[Source records]
----------
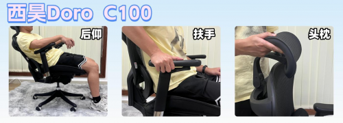 西昊这款的最大后仰角度也是145°,午休时候的体验也是不错的,扶手的话只能进行上下、前后调节,维度比较少;头枕的话也只能旋转角度,不能进行上下调节;椅背虽然也能调节,但是可以调节的维度没有夏草木那款高,整体来说场景适配度中等。
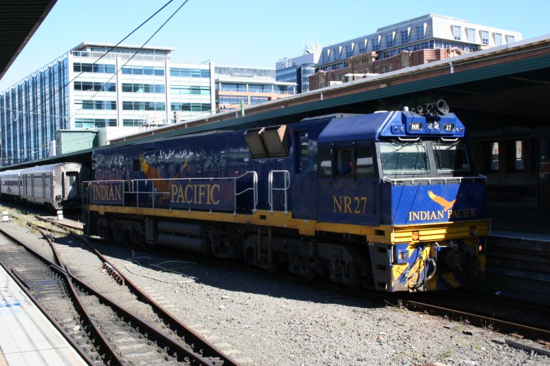 Containerzug mit drei Lokomotiven kurz vor North Adelaide (SA) am 3. Oktober 2006. Die zugführende Maschine NR 26 ist eine der drei Maschinen mit dem vornehmen Anstrich des  Indian Pacific  während die rote Zuglok NR 75 im Farbkleid des  The Ghan  prangt. Im  Sandwich  zwischen den beiden NR-Class läuft eine AN-Class im Anstrich von National Rail. Die legendären Fernzüge  Indian Pacific  Sydney-Perth sowie  The Ghan  Adelaide-Darwin werden von der Great Southern Railway betrieben und mit Loks aus der 120 Stück umfassenden NR-Class von National Rail bespannt. Da jedoch für diese Reisezüge keine speziellen Umläufe bestehen, trifft man die farblich entsprechenden Loks vielfach an Güterzügen, während die Expresszüge auch mit  normalen  NR gefahren werden.
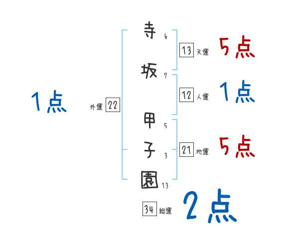 天運![]() | 寺坂甲子園さんの天運は13画の5つ星!才能に恵まれ人気がある。名声を手に入れる。円満な人生。 家系が持つ宿命的な運勢を表します。祖先から受け継いだ苗字ですので自分の力が及びません。家柄を象徴します。 |
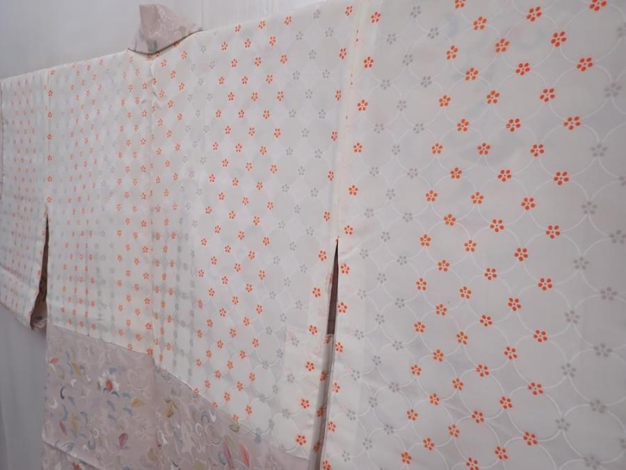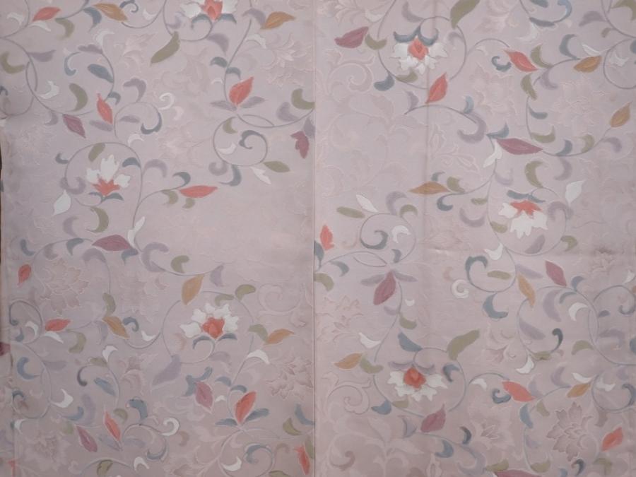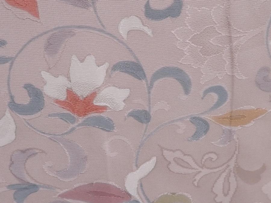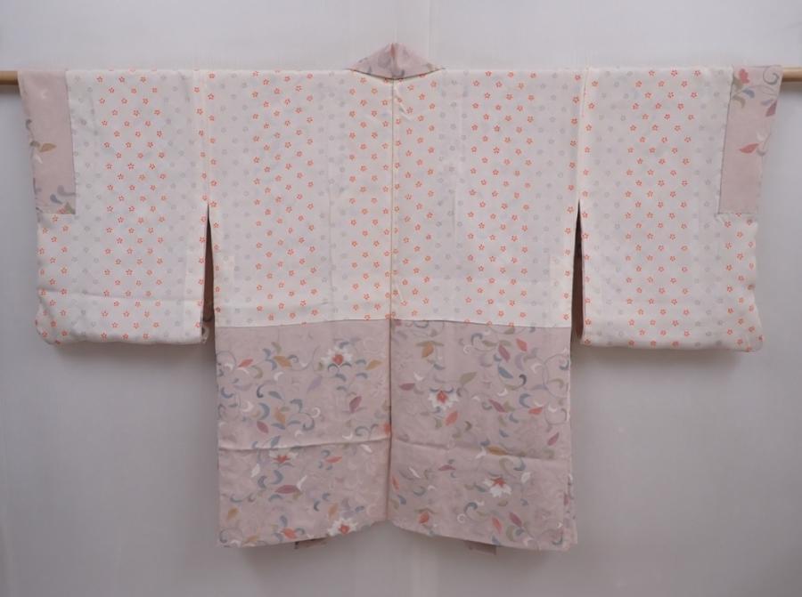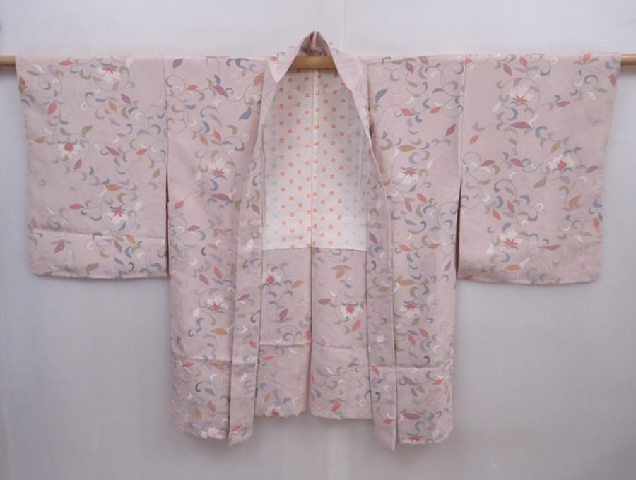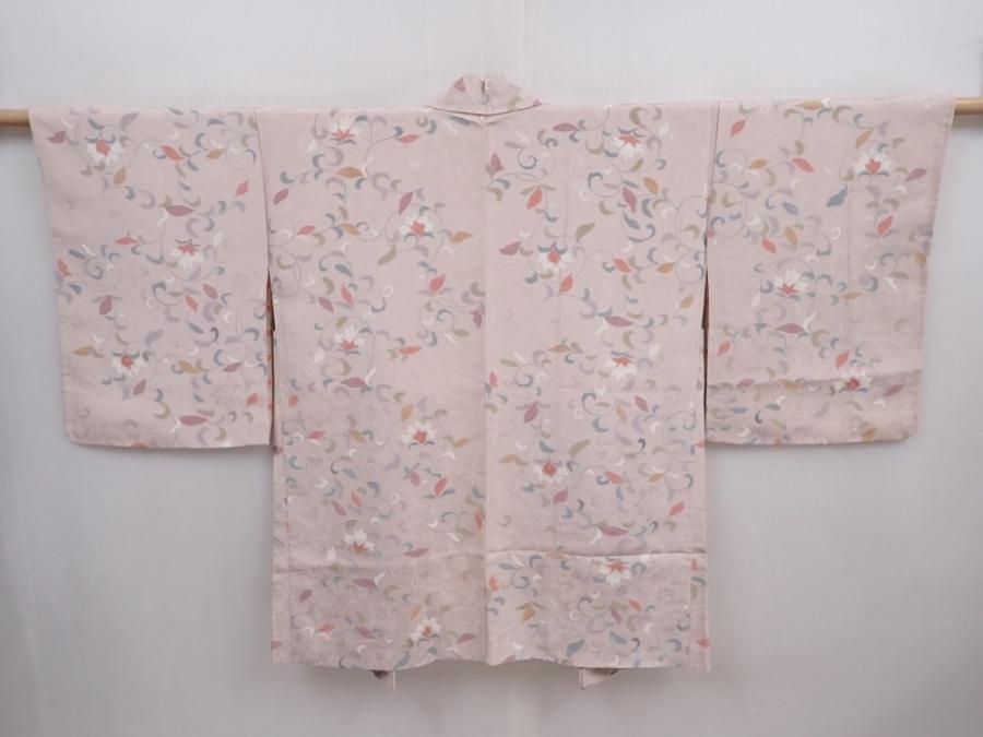 5919T04z590 Vintage Japanese Kimono Silk HAORI Flower Ash pink
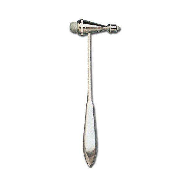 Il martelletto ha una testina con rivestimento in gomma nera ed è consegnato con uno spazzolino e un ago che permettono di determinare la sensibilità vitale.
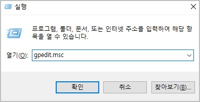 1. 윈도우 단축키+R 버튼을 눌러 실행 메뉴에서 gpedit.msc 입력 후 확인 버튼을 클릭해 줍니다.
----------
Task objective>
Pictures must not appear in the copy, and every record must be restated word for word.

Reply to the exercise>
 西昊这款的最大后仰角度也是145°,午休时候的体验也是不错的,扶手的话只能进行上下、前后调节,维度比较少;头枕的话也只能旋转角度,不能进行上下调节;椅背虽然也能调节,但是可以调节的维度没有夏草木那款高,整体来说场景适配度中等。
 Containerzug mit drei Lokomotiven kurz vor North Adelaide (SA) am 3. Oktober 2006. Die zugführende Maschine NR 26 ist eine der drei Maschinen mit dem vornehmen Anstrich des  Indian Pacific  während die rote Zuglok NR 75 im Farbkleid des  The Ghan  prangt. Im  Sandwich  zwischen den beiden NR-Class läuft eine AN-Class im Anstrich von National Rail. Die legendären Fernzüge  Indian Pacific  Sydney-Perth sowie  The Ghan  Adelaide-Darwin werden von der Great Southern Railway betrieben und mit Loks aus der 120 Stück umfassenden NR-Class von National Rail bespannt. Da jedoch für diese Reisezüge keine speziellen Umläufe bestehen, trifft man die farblich entsprechenden Loks vielfach an Güterzügen, während die Expresszüge auch mit  normalen  NR gefahren werden.
 天運![]() | 寺坂甲子園さんの天運は13画の5つ星!才能に恵まれ人気がある。名声を手に入れる。円満な人生。 家系が持つ宿命的な運勢を表します。祖先から受け継いだ苗字ですので自分の力が及びません。家柄を象徴します。 |
 5919T04z590 Vintage Japanese Kimono Silk HAORI Flower Ash pink
 Il martelletto ha una testina con rivestimento in gomma nera ed è consegnato con uno spazzolino e un ago che permettono di determinare la sensibilità vitale.
 1. 윈도우 단축키+R 버튼을 눌러 실행 메뉴에서 gpedit.msc 입력 후 확인 버튼을 클릭해 줍니다.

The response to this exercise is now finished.